Why not? Probably because testing IPv6 E-Commerce for 24 hours is all risk and no reward. If anything went seriously wrong, a retailer's site could have become unreachable for the day. That's a hefty price to pay for participating in what for retailers is essentially a publicity stunt, because virtually no customers have IPv6 connections they could use for shopping in an IPv6 online store. But that doesn't mean big retailers didn't benefit from the day—even if they didn't show up.
That's because the biggest technical part of the IPv6 Day testing involved things beyond the control of retailers: the Internet itself, and ISPs that let customers connect using IPv6. Most of the Internet currently uses version 4 of the Internet Protocol, which uses 32-bit IP addresses. IP version 6 uses 128-bit IP addresses, so there's lots more room to grow, and also implements other features that make IPv6 incompatible with IPv4. As a result, they have to operate side-by-side on the Internet.

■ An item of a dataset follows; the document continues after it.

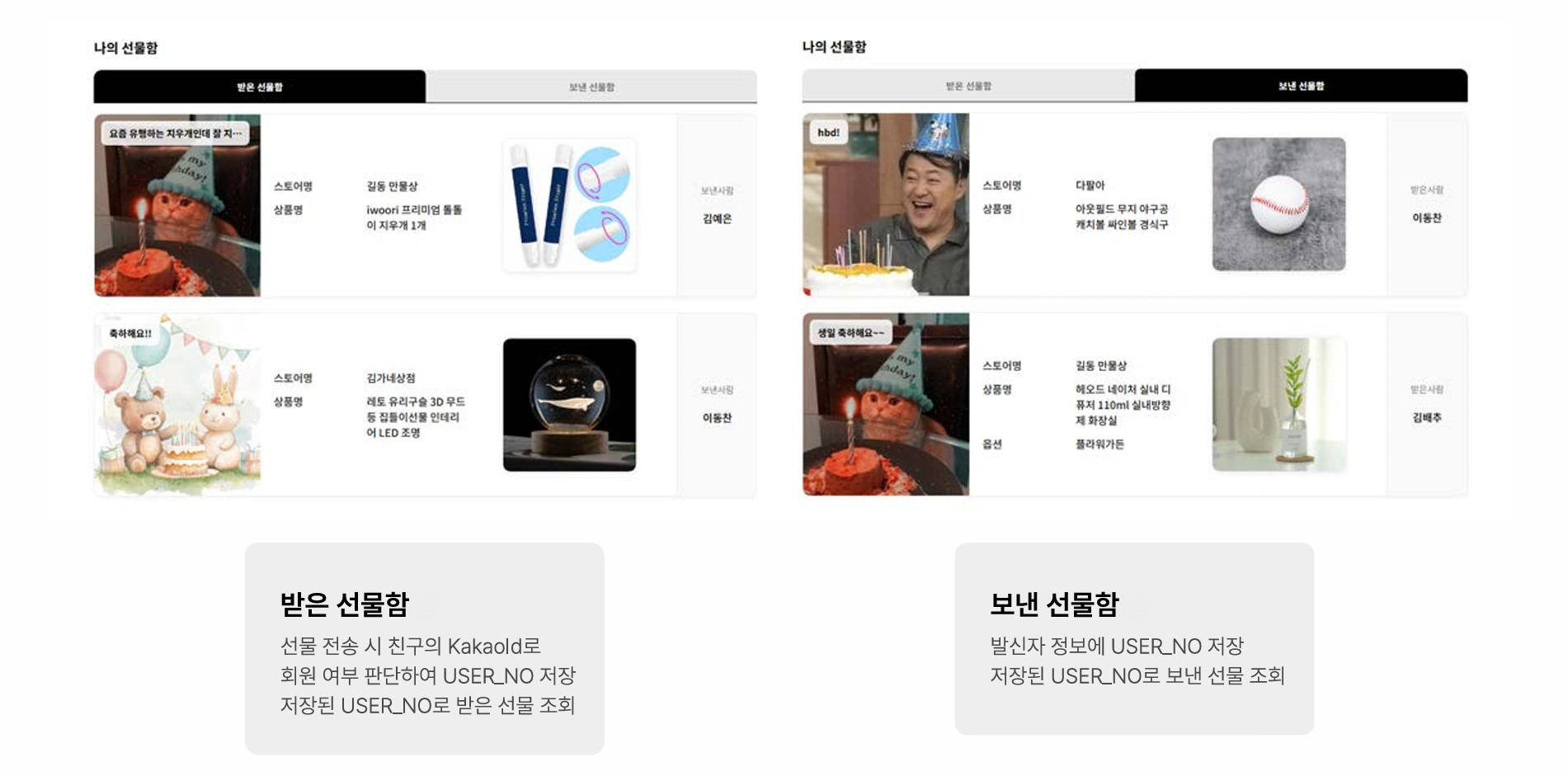 결국 카카오 친구 피커에서 제공되는 카카오 ID를 활용하여 수신자 정보를 저장하고 받은 선물함 기능을 구현할 수 있었다.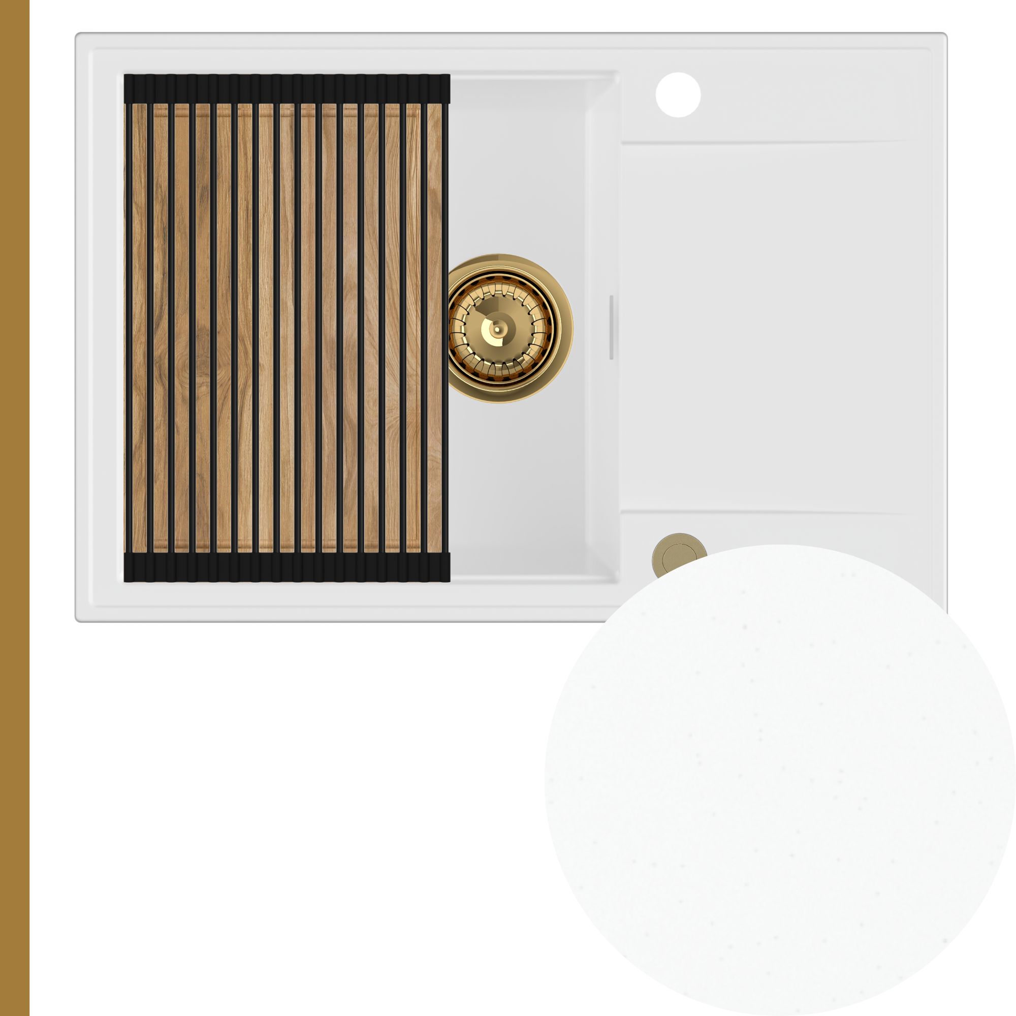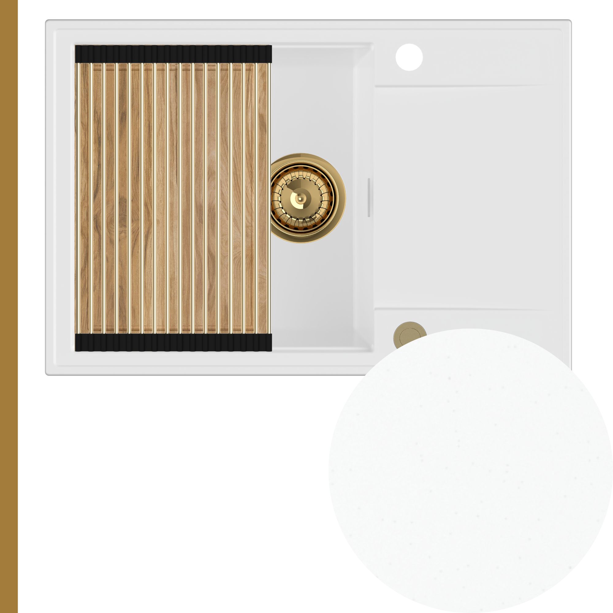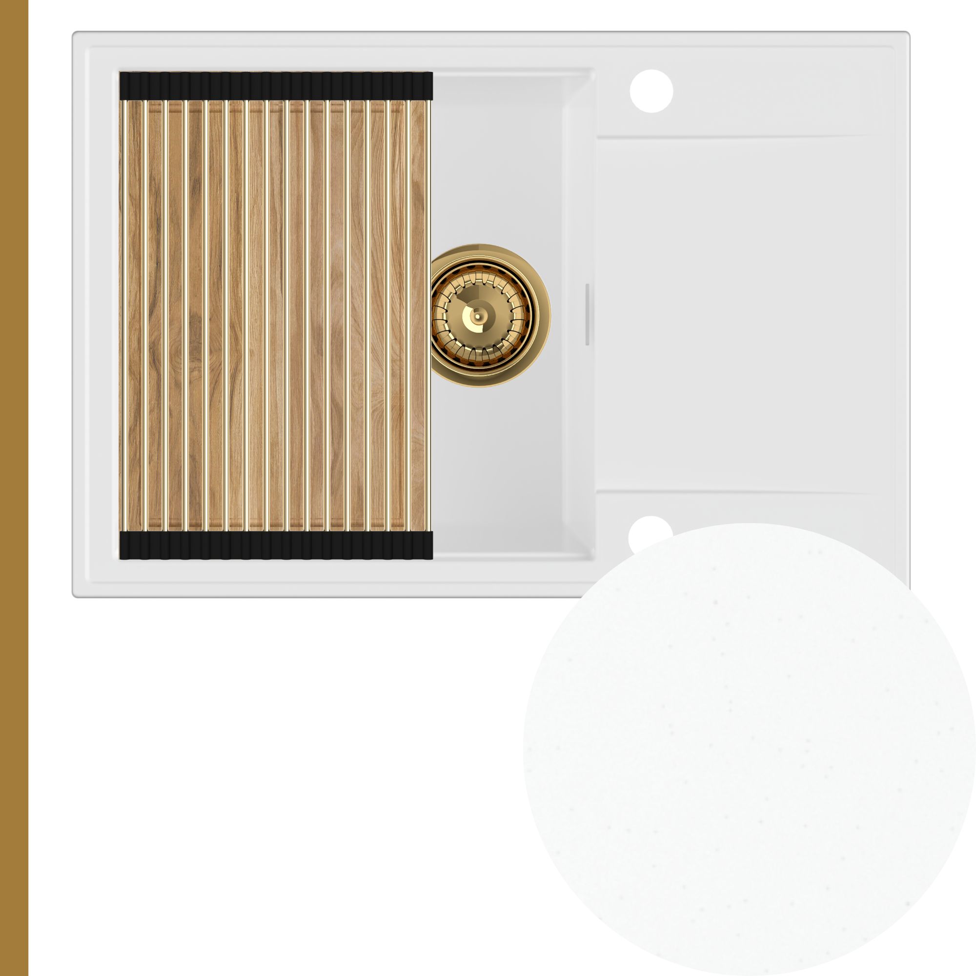 Solidna deska dębowa to idealna baza do krojenia produktów oraz przygotowywania posiłków. Umieszczona na górnych krawędziach zlewu, zamienia go w stabilny blat, tworząc dodatkową przestrzeń roboczą i znacząco zwiększając komfort pracy w kuchni. Z uwagi na naturalny charakter drewna dębowego, odcień oraz układ słojów mogą nieznacznie różnić się od tych prezentowanych na zdjęciach.

Long after retailers begin offering their E-Commerce sites via IPv6, customers will need to be able to connect using either the newer protocol or the current IPv4. Most of the potential glitches involve how individual users and ISPs figure out which type of IP address to connect with.
And most of that testing can be done perfectly well using the sites of those government agencies, networking vendors, universities and newspaper publishers that did show up. Once the tests have exposed the problems, and those problems have been ironed out, then big E-tailers will have a reason to do more than dip a toe into the IPv6 pool.
In the meantime, at least a few small retailers were willing to jump in on IPv6 Day. For example, the online store for a gun shop in Tulsa, Okla., appeared to be running with IPv6 without problems. If that success can scale up to Wal-Mart, IPv6 E-Commerce will be in business.